В зале «Е» висела «Лола из Валенсии», ранний портрет испанской примы-балерины. В выставочном каталоге Американской ассоциации искусств он был по ошибке приписан Моне – случайность, ставшая ироничным напоминанием о ранних днях импрессионизма.
Среди картин Берты Моризо была «Крестьянка, развешивающая белье» – одна из ее ранних картин, на которых она изображала жизнь парижских пригородов и которые стали памятью об одном из этапов грандиозного османовского проекта переустройства Парижа. На тех ее полотнах – маленькие замкнутые дворики новых вилл в Шату, Буживале и Женвилье того периода, когда люди начали обживать столичные предместья, сажать овощи в огородах и развешивать на веревках белье сушиться на летнем ветерке.
Два с половиной года после смерти Мане, последовавшей в 1883 году, Берта мучительно старалась преодолеть свое горе. Она пыталась отвлечься, организуя детские праздники для Жюли в своем уютном новом доме на улице Вильжюст, где также начала давать обеды для художников и писателей. Там среди прочих бывали Малларме, Дега, Ренуар и Моне.
Вместе с Эженом Берта ухаживала за могилой Эдуарда. Они купили соседний с ней участок, чтобы, когда придет срок, Эжен был похоронен рядом с братом. Со смертью Эдуарда Мане что-то умерло в ней самой. Она писала Эдме, что раздавлена. Обаяние Мане было таково, что она неким иррациональным образом представляла себе этого человека бессмертным.
Верная делу импрессионистов, она к 1886 году была одной из всего трех оставшихся членов их сообщества. Пока они в последний раз в качестве группы показывали свои работы в Париже, Дюран-Рюэль в Нью-Йорке демонстрировал шесть ее картин. В каталоге ее фамилия была написана через букву «Z» (не Morisot, а Morizot). Ее часть экспозиции (в зале «С») включала картины «В саду» – один из самых нежных, солнечных видов ее сада в Буживале, с высокой травой и обильной листвой, написанный характерными для нее раздельными, легкими диагональными мазками, а также «Морской пейзаж», память о ее обручении с Эженом Мане.

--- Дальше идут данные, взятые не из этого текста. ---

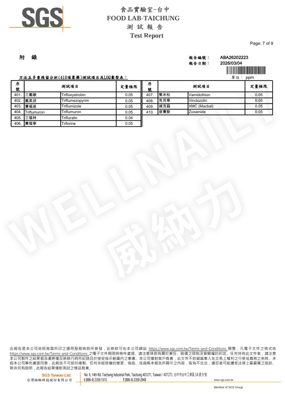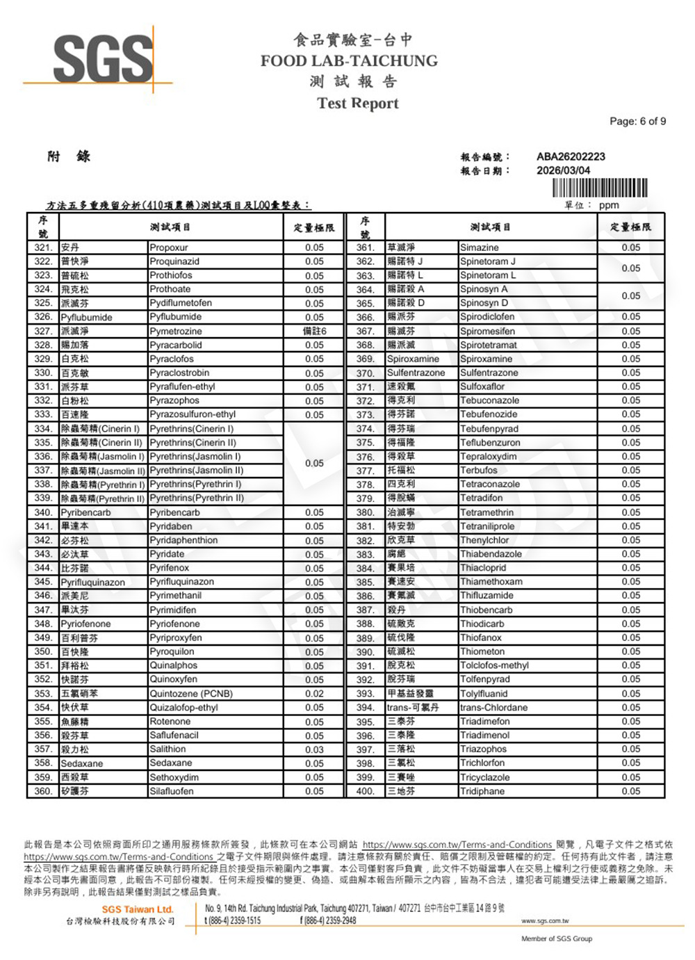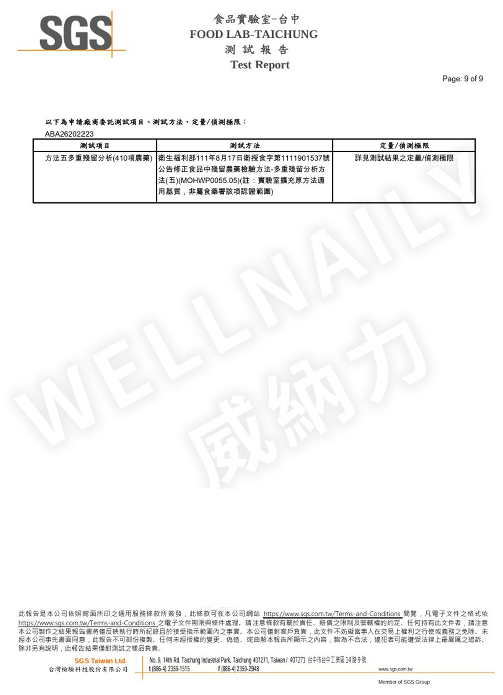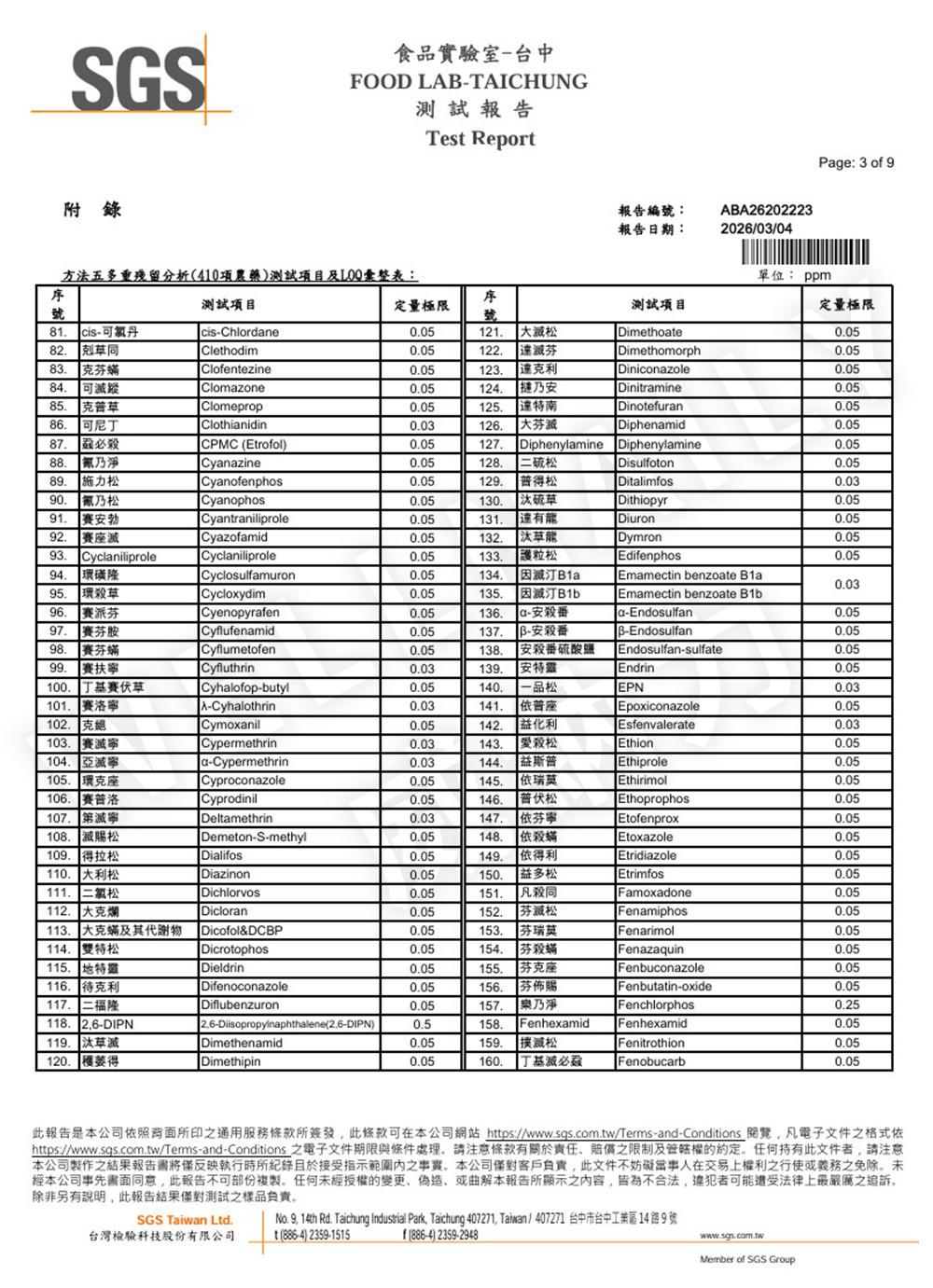 一、 農殘檢測報告

Изображения танцовщиц Эдгара Дега в одиночку или группами, в кулисах и на сцене висели едва ли не во всех залах Американской ассоциации искусств, в том числе картины «Кордебалет Парижской оперы» и «За кулисами». Снова и снова со своей выгодной позиции в кулисах Парижской оперы Дега рисует «мышек» в сверкающем облаке розового и красного тюля, выходящих на сцену в свете газовых фонарей. Их юные тела заряжены энергией, напряжены, сияют в вихре цветных бликов. Художник, взволнованный воспоминаниями детства, в которых отложился образ его экзотичной матери в присборенных пышных юбках, с розой на поясе, демонстрировал твердую решимость оживить на картине нечто эфемерное в женщине.
Во время первого путешествия в Новый Орлеан Дега заметил в женщинах глубокого американского Юга нечто естественно-первородное, что оказало воздействие на все его последующее творчество. Яркость тамошних красок заставляла его возвращаться к холодной цветовой гамме своих гладильщиц, которых он рисовал без сантиментов, откровенно демонстрируя выпуклую мускулатуру их рук и плеч, когда они тяжелыми утюгами водят по полотнищам прочной ткани. Нью-йоркская публика увидела его «Прачек» – пример изображения трудящихся женщин, пробуждающих в нем ностальгию молодости.
Жизнь Дега была странной, одинокой. Он без жалоб переезжал во все более скромные квартиры, пока на улице Пигаль, 21, где жил с середины 1880-х до конца своих дней, все не свелось к тому, что студию ему пришлось использовать и в качестве гардеробной: пыльный мезонин, где ему позировали натурщицы, был завешан его собственной одеждой.
– Ваша студия так необычна, – заметила Луиза, жена Людовика Алеви, навестившая его и смущенная беспорядком, царящим в его жизненном пространстве. – Уберите одежду из вашей студии, она все портит.
– О, это меня ничуть не волнует, – ответил Дега. – Мне удобно, чтобы все оставалось как есть… Тогда я говорю себе: так живет человек, который трудится.
Годы, предшествовавшие нью-йоркской выставке, были для него печальными. На пороге пятидесятилетия он стал жалеть об отсутствии семьи и остро ощущать свое одиночество. Старея, начал чувствовать собственную «не подлинность».
– Даже сердце у меня какое-то искусственное, – жаловался он Бартоломе. – Балерины сшили из него, как из линялого красного шелка, мешочек вроде своих балетных туфель.
Он начал сочинять стихи и говорил Стефану Малларме, что не понимает его мучений над сочинением сонетов, потому что у него самого никогда нет недостатка в идеях.